━━ Records for the task

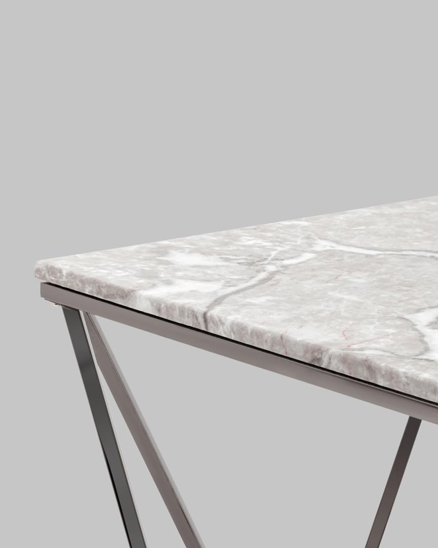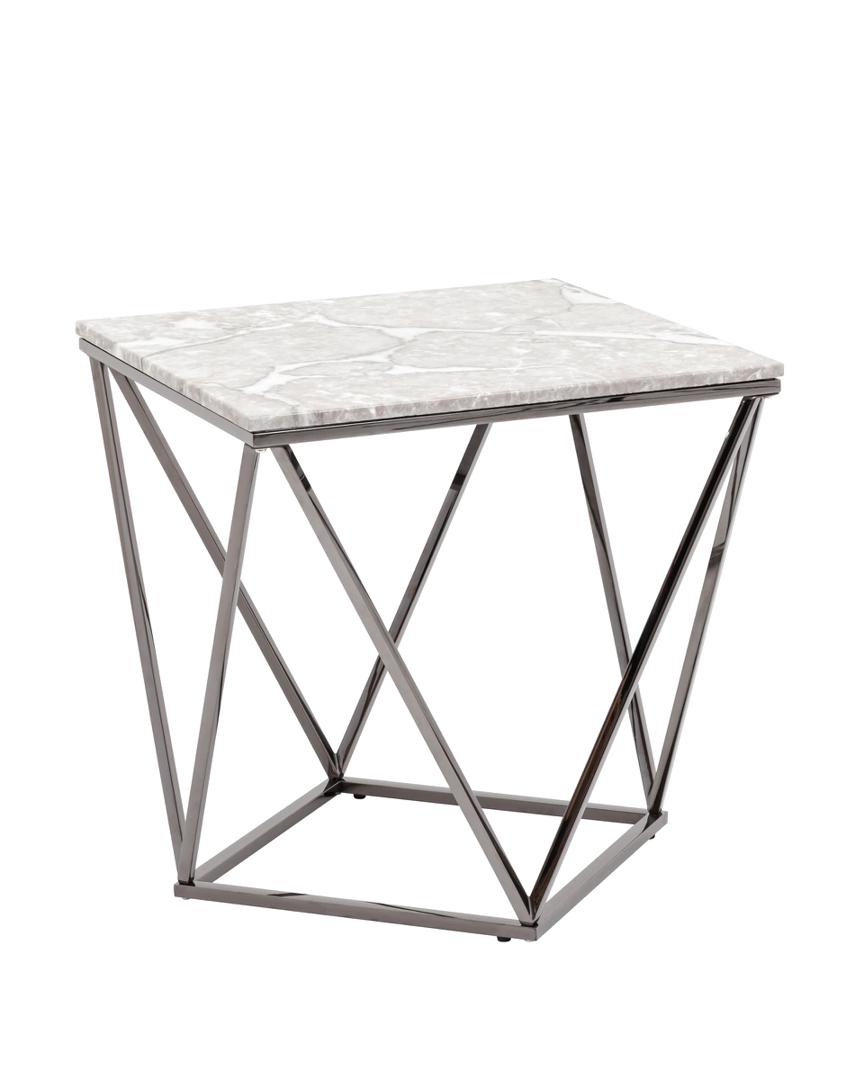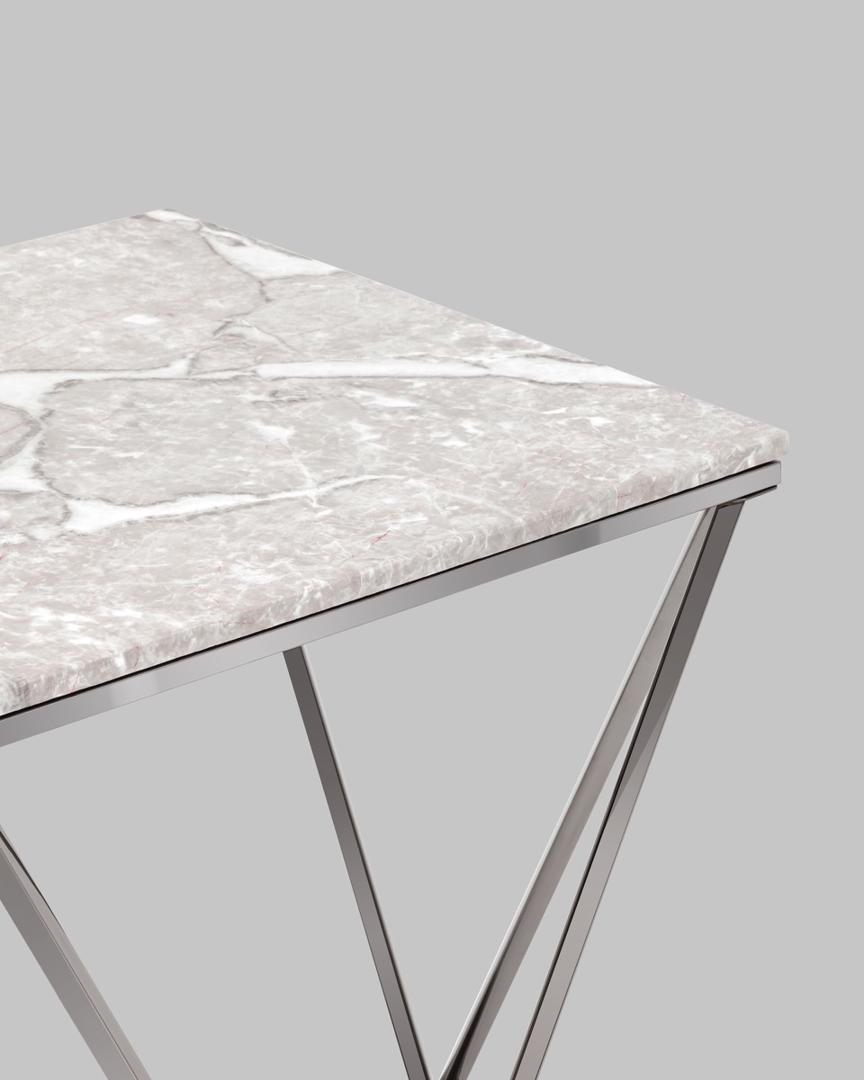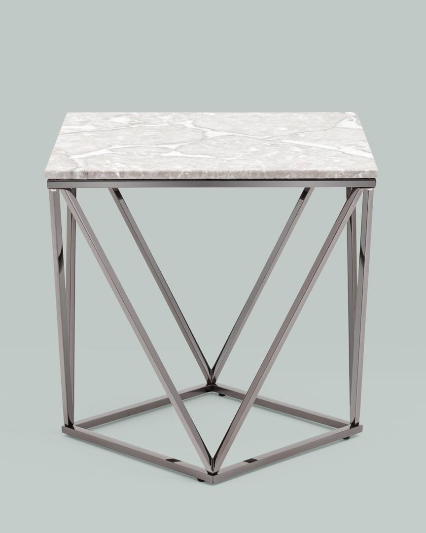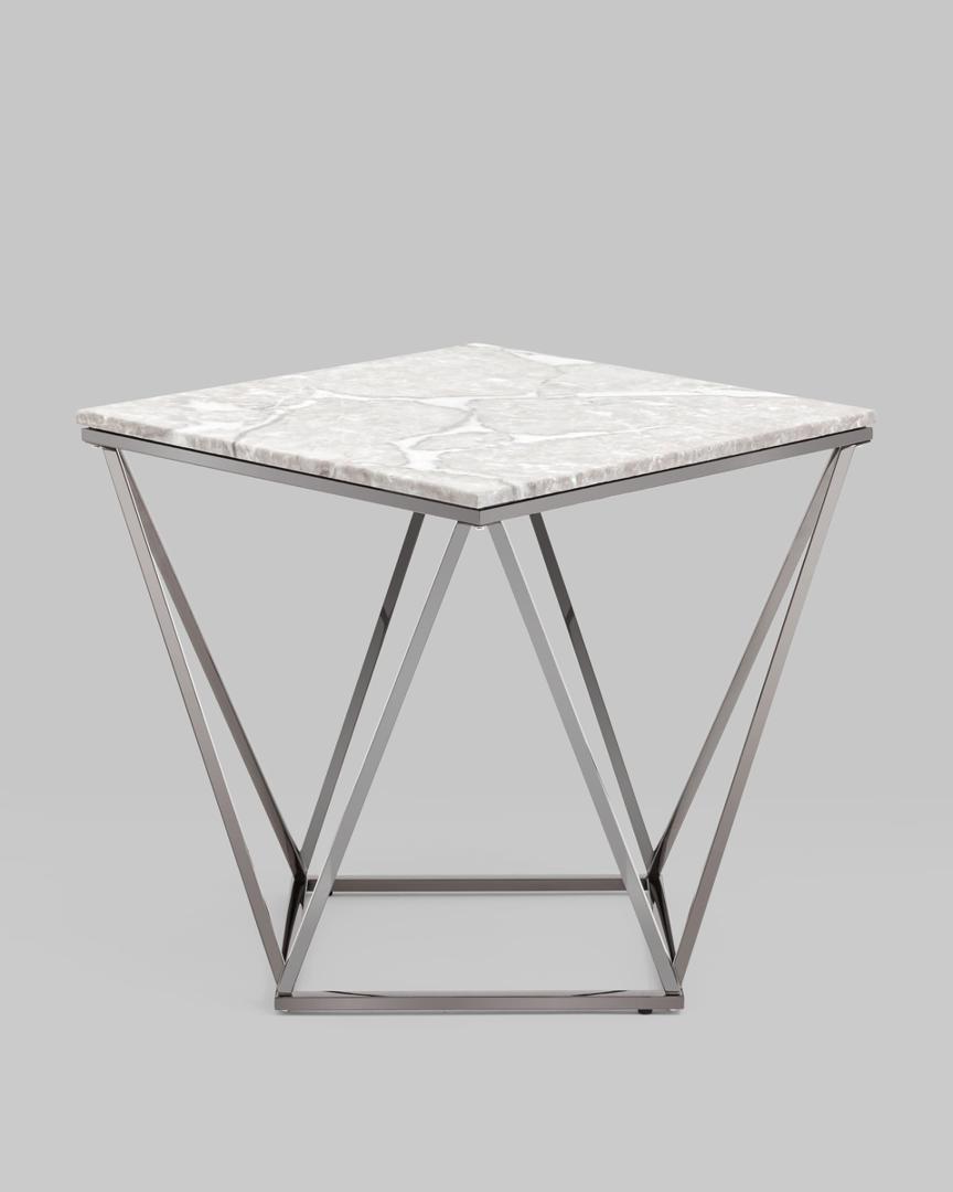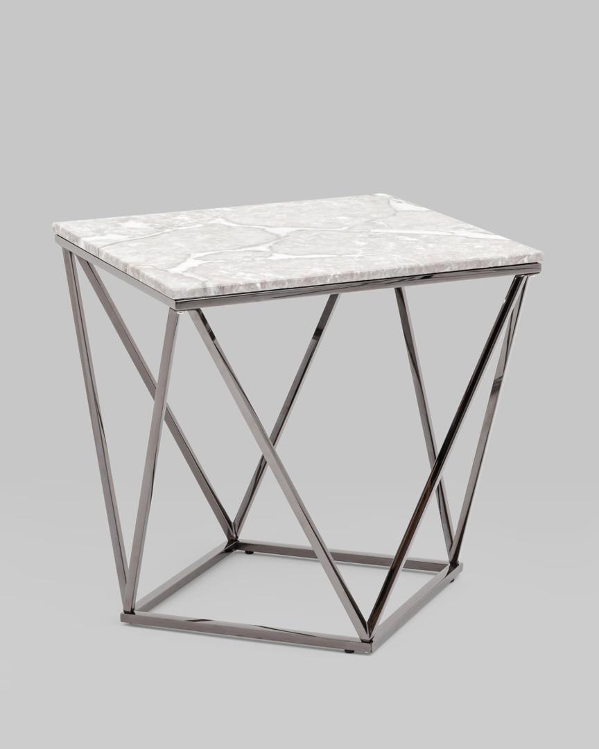Журнальный столик Авалон 61*61 серый мрамор каркас нержавеющая сталь темный хром
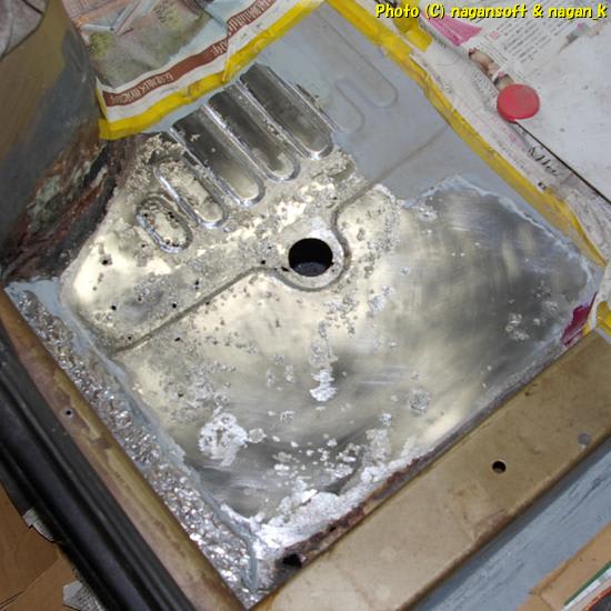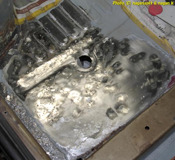 助手席床のサビ取り途中のまま、クラウンワゴンの不幸が続いて放置プレーです。鉄肌がむき出しのまま1週間たってます。
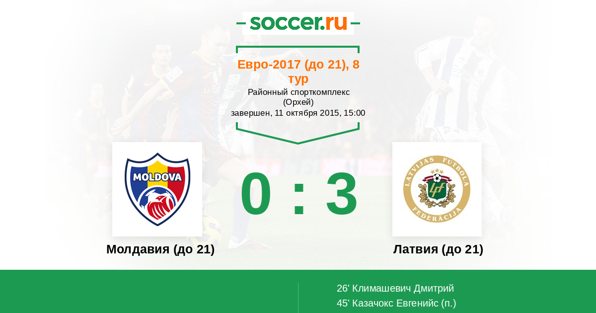 Запасные: Мордатенко Анастасий (с 58'), Сармис Стуглис Ингарс (с 71'), Тиденбергс Эдуардс (с 85'), Безушконокс Денис, Икаунекс Давис, Осс Дэвис, Юрковскис Райвис
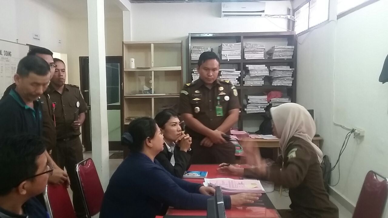 1. Kasi Intel Kejari TBA, Hardiansyah  mengawal proses penahanan tersangka penistaan agama, Meliana (enam kiri/duduk).
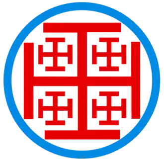 Escudo de la hermandad, que consiste en una Cruz de Jerusalén | ||
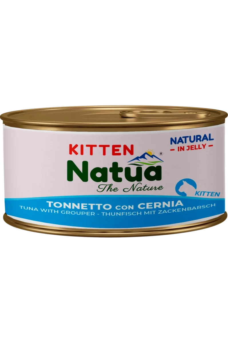 Natua Kitten in Gelatina: alimento umido completo e bilanciato per gattini in crescita. Disponibile in tre deliziosi gusti: tonnetto con dentice, tonnetto con pesce azzurro e pollo con prosciutto.
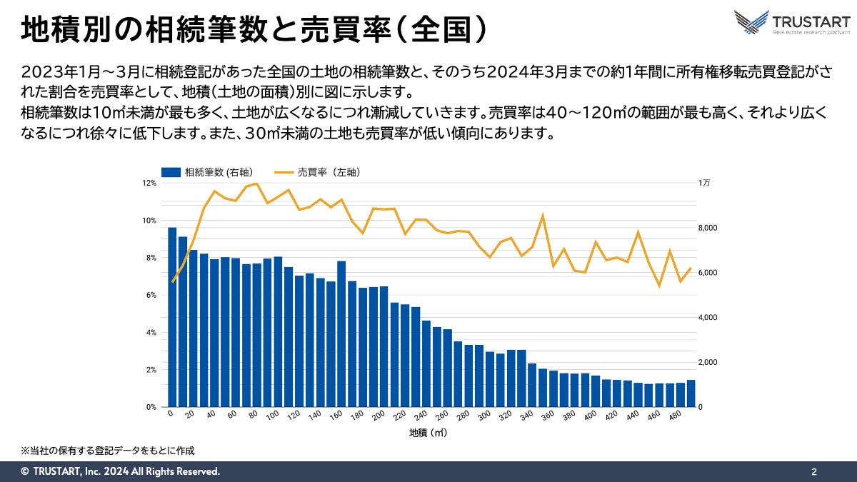 TRUSTART、相続登記後の土地の面積や地価による売買率変化の調査結果を発表
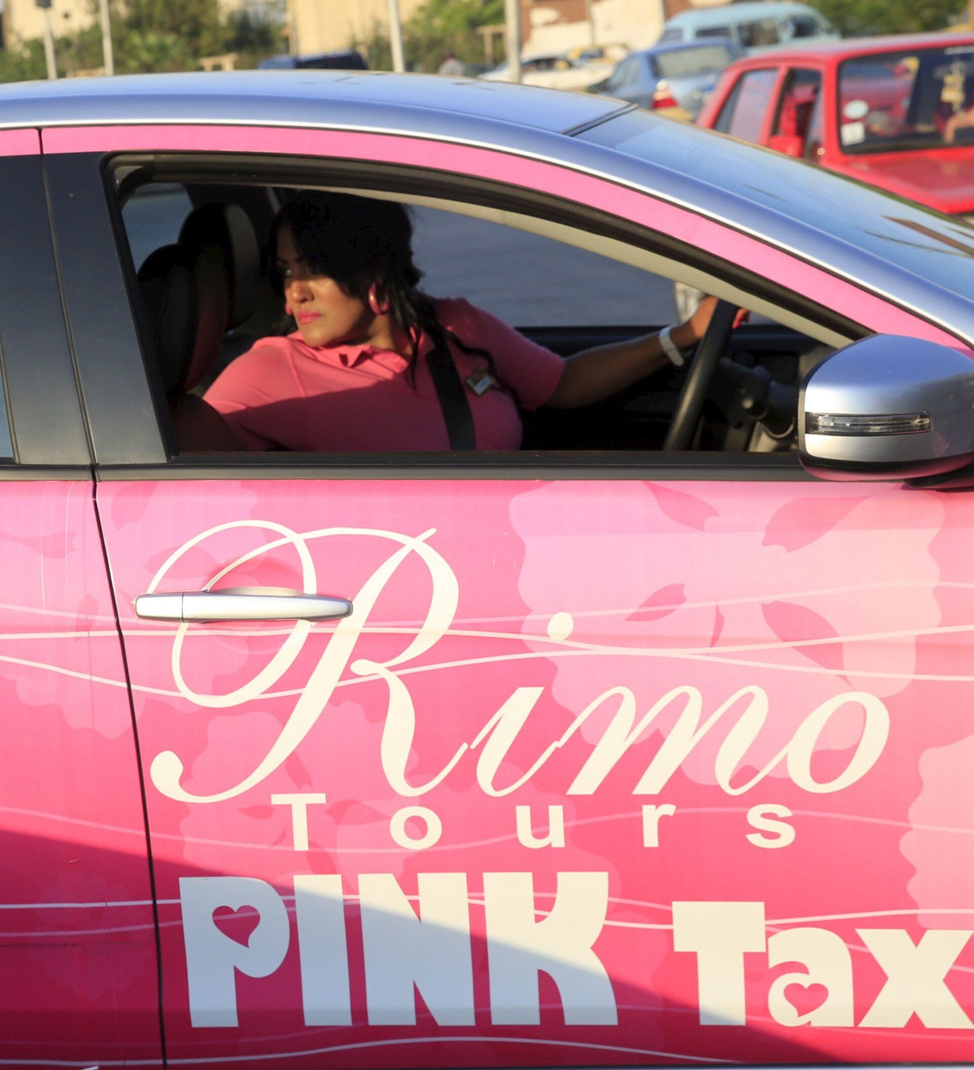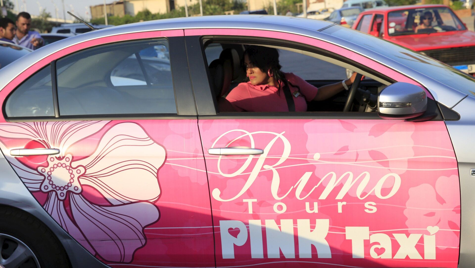 سائقات "التاكسي الزهري" يستمعن إلى الميكانيكي عند موقف السيارات في القاهرة. زي زهري، شعار زهري على السيارات، وحتى طلاء الأظافر زهري أيضاً. كل هذا جزء من مظهر النساء-السائقات اللاتي يقمن، ولأول مرة، بخدمة سيارات التكسي للنساء فقط. وتقوم شركة "التكسي الزهري" بتوظيف النساء فقط لتوصيل النساء فقط. وبدأت الشركة بالعمل من أجل توفير خدمة آمنة لتوصيل النساء داخل البلد الذي يتميز بنسبة تحرش عالية.
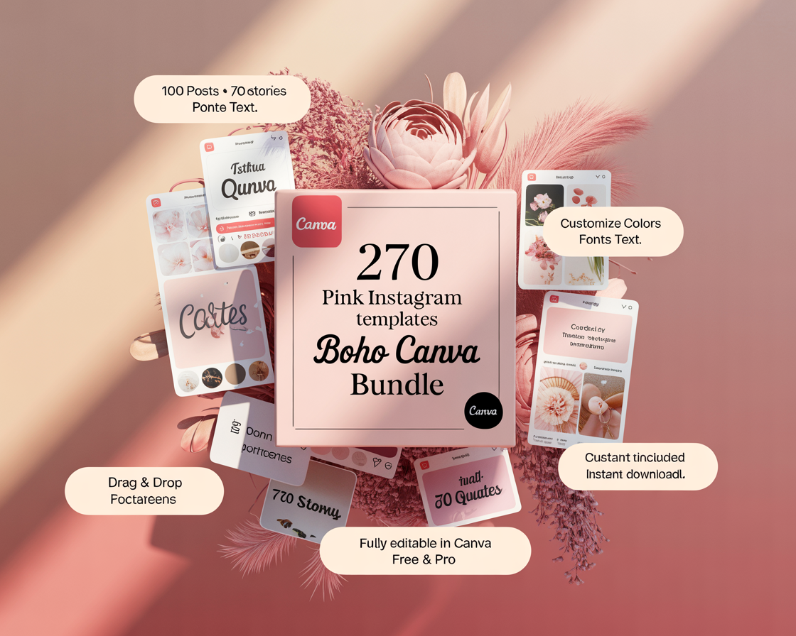 270 Pink Instagram Templates | Pink Social Media Templates| Boho Canva Templates | Instagram Post and story Templates | Engagement templates
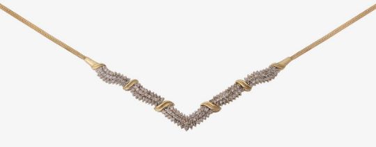 central section comprising of hinged panels, consisting of three rows of diamonds, to a flattened snake-link chain, stamped to clasp "10K"
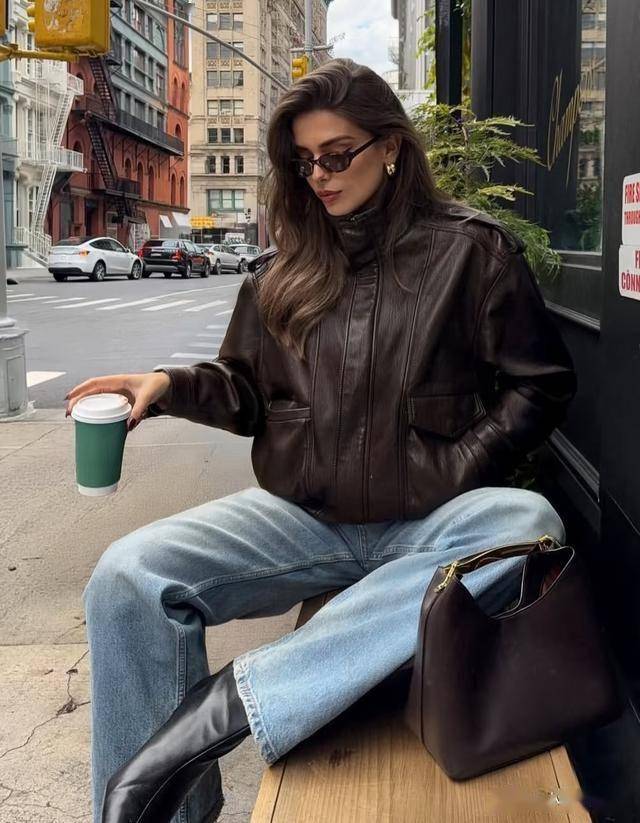 如果要通勤,很推荐深色系的直筒牛仔裤搭配皮质的切尔西靴,搭配毛衣或是大衣,温柔与力量并存,是大女主的风格标配。

━━━━

## What the exercise asks
Please print an exact copy of the records, with no pictures.

## Reply to the exercise
Журнальный столик Авалон 61*61 серый мрамор каркас нержавеющая сталь темный хром
 助手席床のサビ取り途中のまま、クラウンワゴンの不幸が続いて放置プレーです。鉄肌がむき出しのまま1週間たってます。
 Запасные: Мордатенко Анастасий (с 58'), Сармис Стуглис Ингарс (с 71'), Тиденбергс Эдуардс (с 85'), Безушконокс Денис, Икаунекс Давис, Осс Дэвис, Юрковскис Райвис
 1. Kasi Intel Kejari TBA, Hardiansyah  mengawal proses penahanan tersangka penistaan agama, Meliana (enam kiri/duduk).
 Escudo de la hermandad, que consiste en una Cruz de Jerusalén | ||
 Natua Kitten in Gelatina: alimento umido completo e bilanciato per gattini in crescita. Disponibile in tre deliziosi gusti: tonnetto con dentice, tonnetto con pesce azzurro e pollo con prosciutto.
 TRUSTART、相続登記後の土地の面積や地価による売買率変化の調査結果を発表
 سائقات "التاكسي الزهري" يستمعن إلى الميكانيكي عند موقف السيارات في القاهرة. زي زهري، شعار زهري على السيارات، وحتى طلاء الأظافر زهري أيضاً. كل هذا جزء من مظهر النساء-السائقات اللاتي يقمن، ولأول مرة، بخدمة سيارات التكسي للنساء فقط. وتقوم شركة "التكسي الزهري" بتوظيف النساء فقط لتوصيل النساء فقط. وبدأت الشركة بالعمل من أجل توفير خدمة آمنة لتوصيل النساء داخل البلد الذي يتميز بنسبة تحرش عالية.
 270 Pink Instagram Templates | Pink Social Media Templates| Boho Canva Templates | Instagram Post and story Templates | Engagement templates
 central section comprising of hinged panels, consisting of three rows of diamonds, to a flattened snake-link chain, stamped to clasp "10K"
 如果要通勤,很推荐深色系的直筒牛仔裤搭配皮质的切尔西靴,搭配毛衣或是大衣,温柔与力量并存,是大女主的风格标配。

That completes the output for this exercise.